— Your task —
Copy exactly the lines from the beginning of the data down to and including the line holding "初めにフットワークをして,ドリブルシュートの練習をしています。", without any pictures.

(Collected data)
== Segment start ==

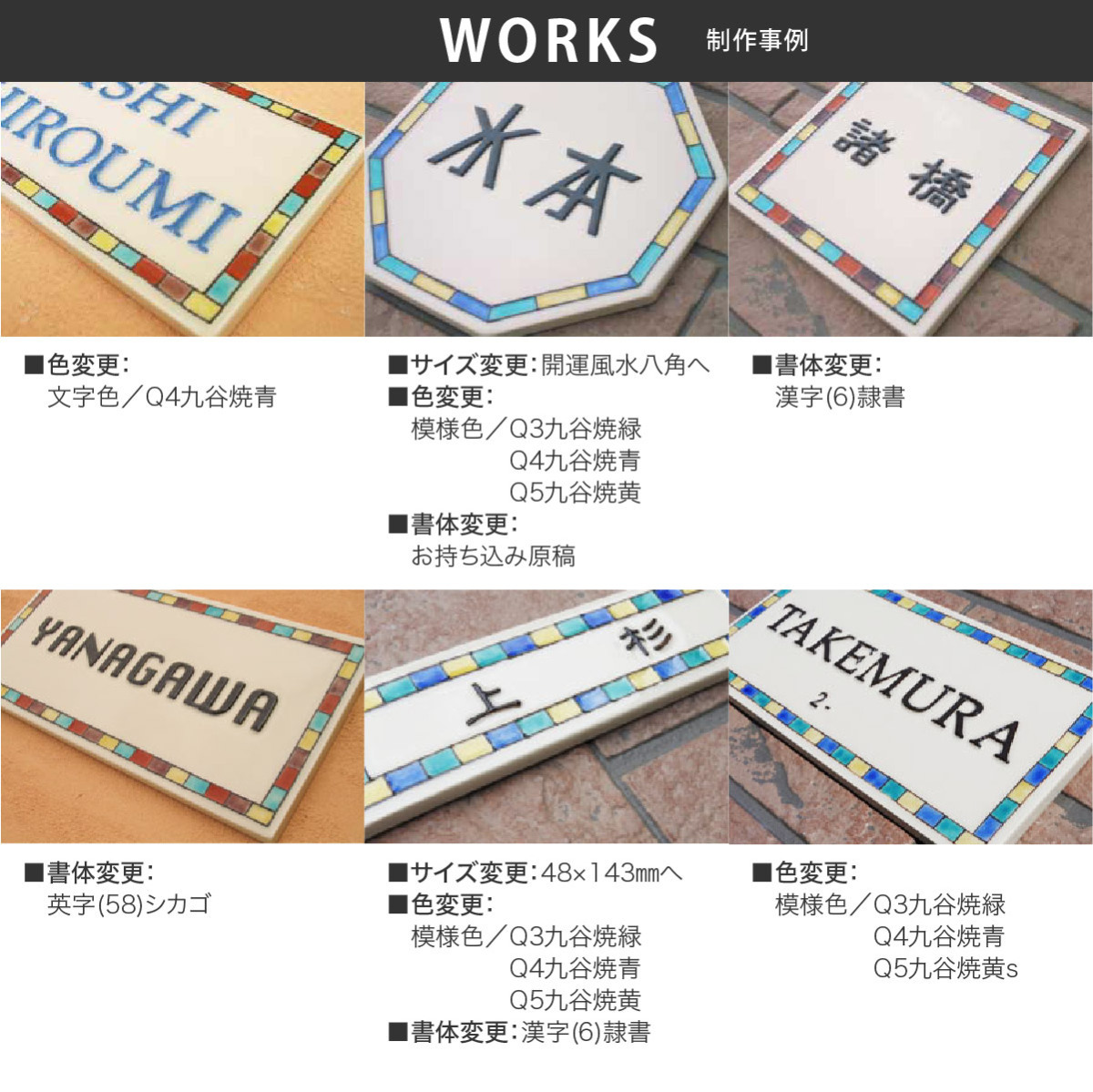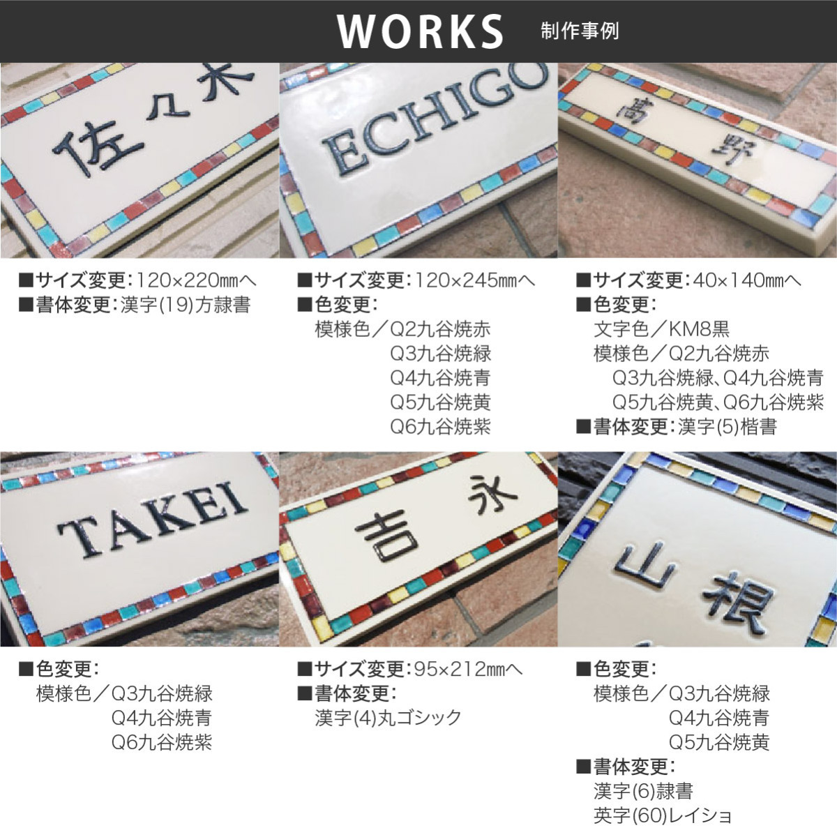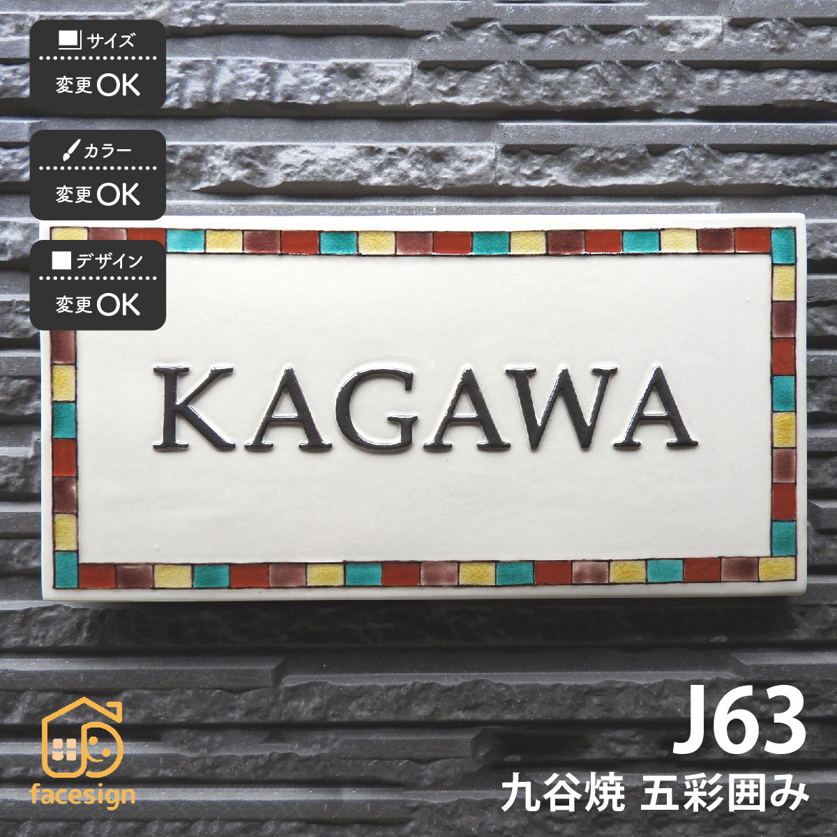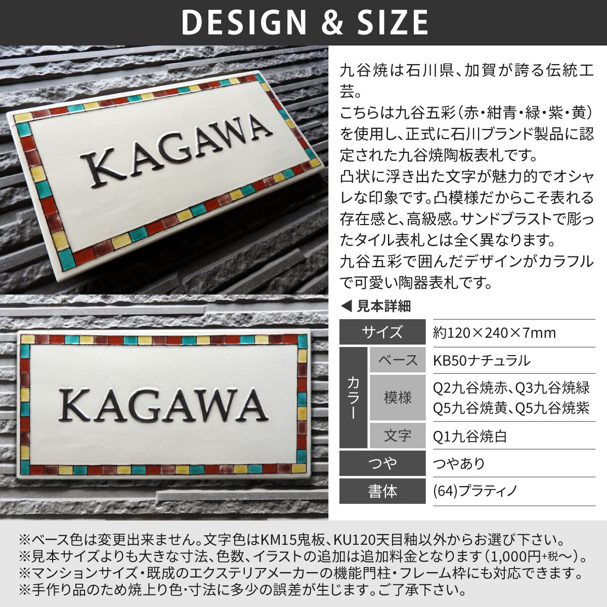 | 商品詳細 | 九谷焼は石川県、加賀が誇る伝統工芸。こちらは九谷五彩(赤・紺青・緑・紫・黄)を使用し、正式に石川ブランド製品に認定された九谷焼陶板表札です。凸状に浮き出た文字が魅力的でオシャレな印象です。凸模様だからこそ表れる存在感と、高級感。サンドブラストで彫ったタイル表札とは全く異なります。九谷五彩で囲んだデザインがカラフルで可愛い陶器表札です。 |
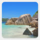 Stickers with a photograph of a turquoise blue ocean beach with big rocks scattered along the coast. Bright and sunny tropical locale.
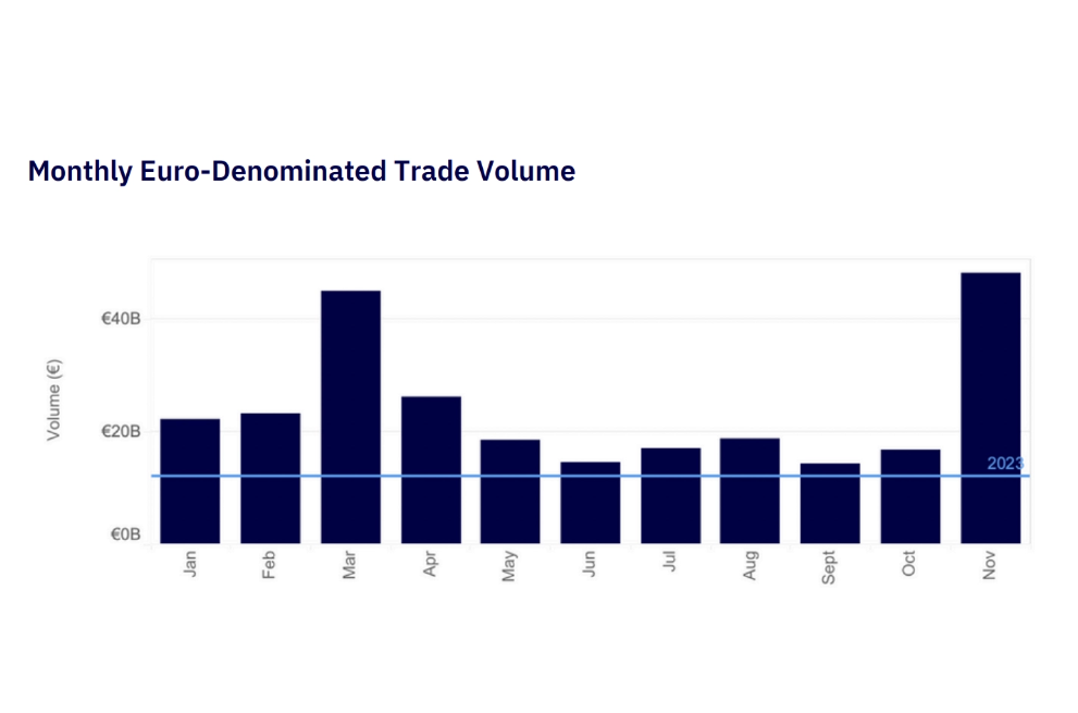 Importantly, monthly euro trade volumes peaked at over €50 billion in November, more than doubling October’s levels.
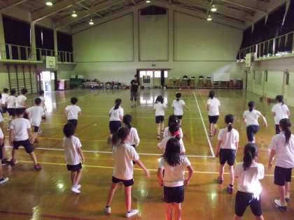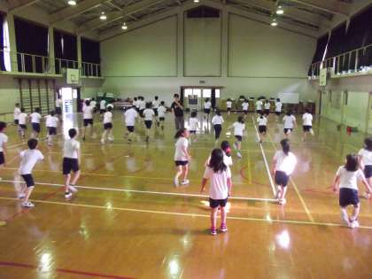 初めにフットワークをして,ドリブルシュートの練習をしています。
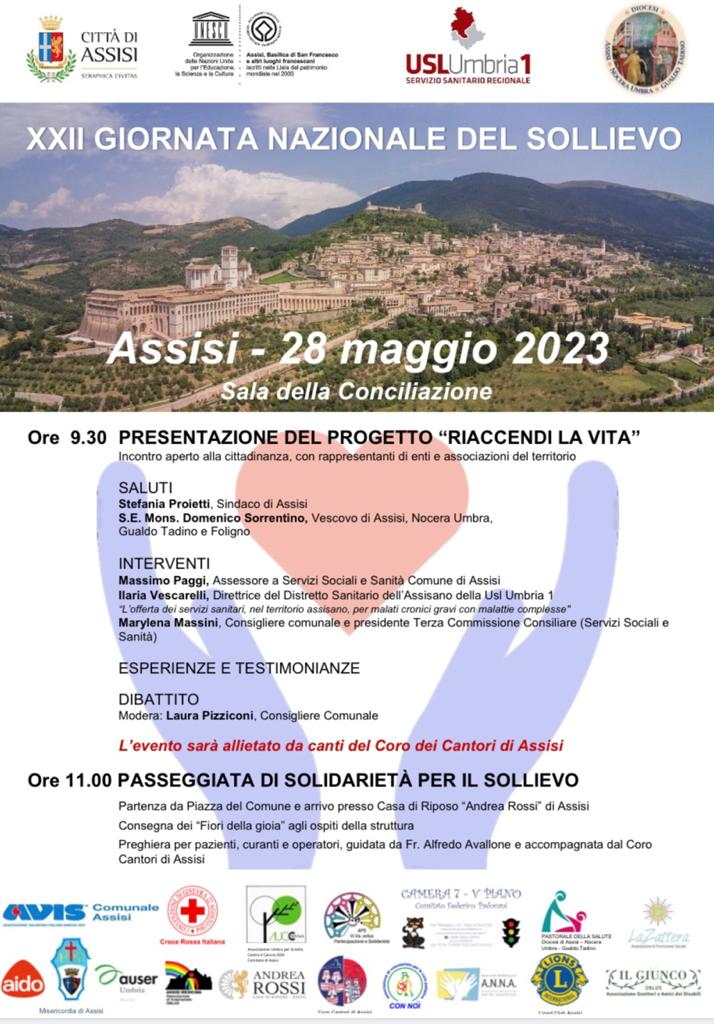 Come da programma alle ore 9,30 nella sala della Conciliazione del Comune di Assisi ci sarà la presentazione del progetto “Riaccendi la vita”. L’incontro aperto a tutta la cittadinanza vedrà la presenza di rappresentanti di enti e associazioni del territorio. Dopo i saluti del sindaco di Assisi, Stefania Proietti, del vescovo delle diocesi di Assisi – Nocera Umbra – Gualdo Tadino e di Foligno, monsignor Domenico Sorrentino seguiranno gli interventi di Massimo Paggi, assessore a servizi sociali e sanità del Comune di Assisi, Ilaria Vescarelli, direttrice del distretto sanitario dell’assisano dell’Usl Umbria 1 sul tema “L’offerta dei servizi sanitari, nel territorio assisano, per malati cronici gravi con malattie complesse”, Marylena Massini, consigliere comunale e presidente Terza commissione consiliare (Servizi sociali e sanità). Seguirà un momento di riflessione durante il quale verranno raccontate esperienze e testimonianze. Il dibattito sarà moderato da Laura Pizziconi, consigliere comunale. L’evento sarà allietato dal Coro dei Cantori di Assisi.

== Segment end ==

— Task output —
 | 商品詳細 | 九谷焼は石川県、加賀が誇る伝統工芸。こちらは九谷五彩(赤・紺青・緑・紫・黄)を使用し、正式に石川ブランド製品に認定された九谷焼陶板表札です。凸状に浮き出た文字が魅力的でオシャレな印象です。凸模様だからこそ表れる存在感と、高級感。サンドブラストで彫ったタイル表札とは全く異なります。九谷五彩で囲んだデザインがカラフルで可愛い陶器表札です。 |
 Stickers with a photograph of a turquoise blue ocean beach with big rocks scattered along the coast. Bright and sunny tropical locale.
 Importantly, monthly euro trade volumes peaked at over €50 billion in November, more than doubling October’s levels.
 初めにフットワークをして,ドリブルシュートの練習をしています。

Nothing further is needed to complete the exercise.